As per my understanding,they way it works is :
1)Past States/data of both streams are maintained.
2)Now whenever trigger happens,along with a change in one of the streams,
then first(think would be left one or the one which has changed first) streams latest records is joined 
with latest and then old records of stream2
3)Now next latest stream2 records which have not been joined already in step2 will check if they can be joined with 
old stream1 records.
So point 2 and Point 3 may cause some duplicate scenarios

Inner Join with watermarking StreamToStream1_1 :

val df1 = spark.readStream.format("socket").option("host","localhost").option("port","5431").load()

  val df2 = df1.as[String].map(x=>x.split(","))

  val df3 = df2.select($"value"(0).as("name"),
    $"value"(1).cast(IntegerType).as("id"),
    $"value"(2).cast(TimestampType).as("ts")).withWatermark("ts","15 second")

  val df1_1 = spark.readStream.format("socket").option("host","localhost").option("port","5430").load()

  val df2_1 = df1_1.as[String].map(x=>x.split(","))

  val df3_1 = df2_1.select($"value"(0).as("name"),$"value"(1).cast(IntegerType).as("id"),
    $"value"(2).cast(TimestampType).as("ts")).withWatermark("ts","10 second")

  val joindf = df3.join(df3_1,df3("id") <=> df3_1("id"))

  val res = joindf.writeStream.outputMode("append").trigger(Trigger.ProcessingTime(15 seconds))
    .format("console").option("truncate","false").start()

Now with this,watermark value is set,ie before the join happens:
For every stream,We check whats the highest value ts(till date) and based on that we form the lower bound,
if the records have ts within the lower bound,then they are considered for the joins.
If join is possible,then join happens then and there and it does NOT wait for the records to becomes 
out of lower bound to populate the result.

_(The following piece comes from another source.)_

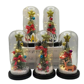 Dekor Krishtlindjesh me pemë dhe drita LED në kupolë, transparente dhe festiv

Vinyass-MacBook-Pro:~ vinyasshetty$ nc -lk 5431
vinyas,1,2018-03-17 09:04:21
namratha,2,2018-03-17 09:04:23


Vinyass-MacBook-Pro:~ vinyasshetty$ nc -lk 5430
vinyas,1,2018-03-17 09:04:21
namratha,2,2018-03-17 09:04:23

-------------------------------------------
Batch: 0
-------------------------------------------
+--------+---+-------------------+--------+---+-------------------+
|name    |id |ts                 |name    |id |ts                 |
+--------+---+-------------------+--------+---+-------------------+
|vinyas  |1  |2018-03-17 09:04:21|vinyas  |1  |2018-03-17 09:04:21|
|namratha|2  |2018-03-17 09:04:23|namratha|2  |2018-03-17 09:04:23|
+--------+---+-------------------+--------+---+-------------------+

In 5431 and 5430 i pass:
rini,8,2018-03-17 09:04:59

-------------------------------------------
Batch: 1
-------------------------------------------
+----+---+-------------------+----+---+-------------------+
|name|id |ts                 |name|id |ts                 |
+----+---+-------------------+----+---+-------------------+
|rini|8  |2018-03-17 09:04:59|rini|8  |2018-03-17 09:04:59|
+----+---+-------------------+----+---+-------------------+

Now the highest ts is 59 second,so lower bound for stream1 -> 59-15 = 44 and stream2 -> 59-10 = 49

I pass in 5431 and 5430 :
pami,7,2018-03-17 09:04:27

Since 27 is out of range in both streams,its NOT considered
-------------------------------------------
Batch: 2
-------------------------------------------
+----+---+---+----+---+---+
|name|id |ts |name|id |ts |
+----+---+---+----+---+---+
+----+---+---+----+---+---+


Only 5431 :
rini,8,2018-03-17 09:04:53
Spark output
-------------------------------------------
Batch: 3
-------------------------------------------
+----+---+-------------------+----+---+-------------------+
|name|id |ts                 |name|id |ts                 |
+----+---+-------------------+----+---+-------------------+
|rini|8  |2018-03-17 09:04:53|rini|8  |2018-03-17 09:04:59|
+----+---+-------------------+----+---+-------------------+


Now 5431 stream1 lowerbound is 44 and stream2(5430) lowerbound is 49,so i pass :
5431(Considered out of scope) :
vicky,11,2018-03-17 09:04:42

5430(In scope):
vicky,11,2018-03-17 09:04:51

-------------------------------------------
Batch: 4
-------------------------------------------
+----+---+---+----+---+---+
|name|id |ts |name|id |ts |
+----+---+---+----+---+---+
+----+---+---+----+---+---+


Now in 5431 ,i pass:
vicky,11,2018-03-17 09:04:45

-------------------------------------------
Batch: 7
-------------------------------------------
+-----+---+-------------------+-----+---+-------------------+
|name |id |ts                 |name |id |ts                 |
+-----+---+-------------------+-----+---+-------------------+
|vicky|11 |2018-03-17 09:04:45|vicky|11 |2018-03-17 09:04:51|
+-----+---+-------------------+-----+---+-------------------+

Watermarking guarantee is only ONE SIDE.
ie it makes sure records outside the lower bound will NOT be lost,but it DOES NOT gurantee that records 
outside the lower bound will always be LOST.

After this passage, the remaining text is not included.